DS640 does not itself authorize a Brazilian countermeasure
Brazil requested consultations in WTO dispute DS640 on August 5, 2025. It challenged the 10 percent and additional 40 percent U.S. tariffs, referred to further tariff measures, and raised claims under the most-favored-nation and tariff-binding rules along with the WTO rule against unilateral determinations.
The United States accepted consultations and disputed the case's premises. In WT/DS640/2, it said national security matters were not susceptible to WTO review. It separately stated that the Section 301 investigation had produced no actionability determination or responsive action and was not then a measure for consultations under Article 4 of the Dispute Settlement Understanding.
The final action changes the factual posture described in WT/DS640/2. USTR has now made findings and selected a tariff response, so Brazil can identify a concrete Section 301 action in its next WTO filing.

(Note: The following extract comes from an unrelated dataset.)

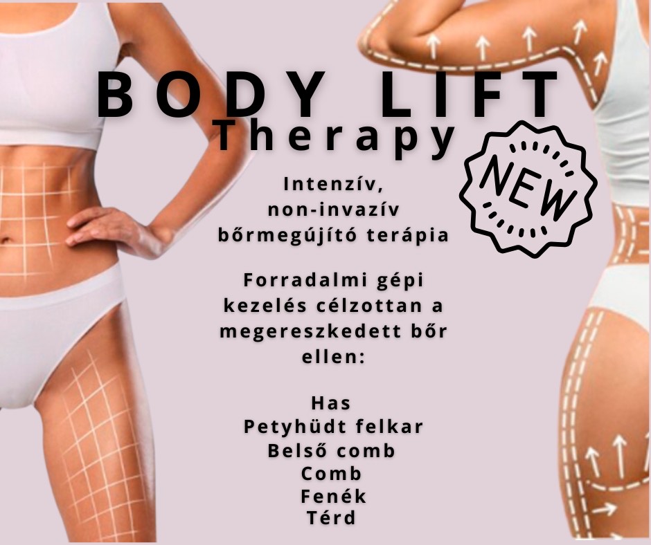 Body Lift Therapy kezelésünk innovatív technológia révén segít visszaadni bőröd feszességét, rugalmasságát, tömörségét. Ez a forradalmi, non-invazív bőrfiatalító terápia a szervezet saját kollagénjének stimulálása révén újítja meg a bőr szerkezetét, tónusát és kontúrját.

The DSU requires a panel request to identify the specific measures at issue. The reviewed record contains no panel request naming the final action. Brazil could seek further or new consultations, or a later filing could show how it presents the July 15 measure. The current record does not settle that choice.

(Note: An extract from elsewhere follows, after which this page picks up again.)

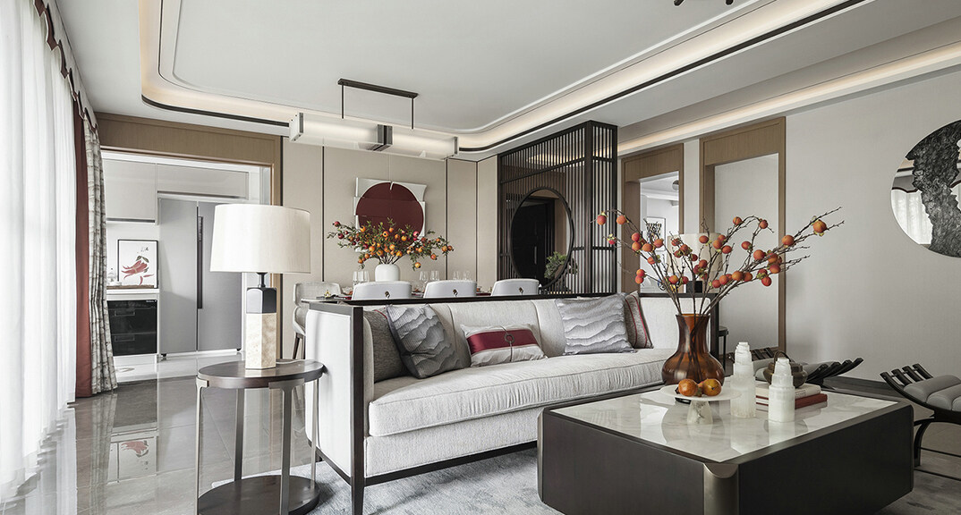 青特星城142㎡三室兩廳客廳沙發(fā)新中式風格裝修案例效果圖

The WTO page still listed DS640 at consultations when this analysis was completed. Naming the July 15 action would clarify the case's path, but it would not adopt a Brazilian countermeasure or automatically suspend U.S. collection under the WTO dispute rules.
The two tracks can advance together but do different work. Brazil's Reciprocity Law governs the domestic response. DS640 tests U.S. measures under WTO rules. Neither record supplies the other's legal effect, so companies should track both.
The cotton precedent does not establish a current IP strategy
The older statute allows patent licensing or public noncommercial use, suspension of patent-based exclusive import rights, new or higher registration charges, temporary blocks on royalty remittances, and commercial charges on rights-holder remuneration. The import provision reaches goods incorporating patent rights even when they were not first sold abroad by, or with the consent of, the rights holder. The law names no current company, patent, copyright, trademark, or payment stream.
These instruments are harder to model than a customs duty because legal permission does not create a commercial substitute. A royalty restriction can reduce U.S. income while leaving a Brazilian user dependent on updates or production support. Patent licensing or public noncommercial use does not create a qualified producer, and suspended patent-based import rights matter only if compliant goods can enter through another channel.
In WTO dispute DS267, Brazil obtained case-specific authorization to suspend concessions. It notified tariff retaliation, then postponed countermeasures during negotiations. The dispute ended in 2014. That authorization did not carry into DS640.
Any present intellectual property proposal would still need a route, target, scope, and account of domestic effects. Licensors should map Brazilian rights, users, renewal dates, royalty channels, and regulated products before a provisional procedure forces a short response.
Cotton shows that Brazil prepared this machinery after case-specific WTO authorization, not that it has chosen the same strategy now. The newer law makes intellectual property suspension exceptional, and its domestic costs argue against treating it as the default.
What the next Brazilian act must say
An act establishing a working group would begin measure design. A consultation notice would disclose a preliminary proposal. Neither changes a transaction. Businesses should watch for the instrument that sets the covered obligation and effective date, then trace its issuing body and legal basis. Until then, the public record describes a negotiating process, not a Brazilian countermeasure.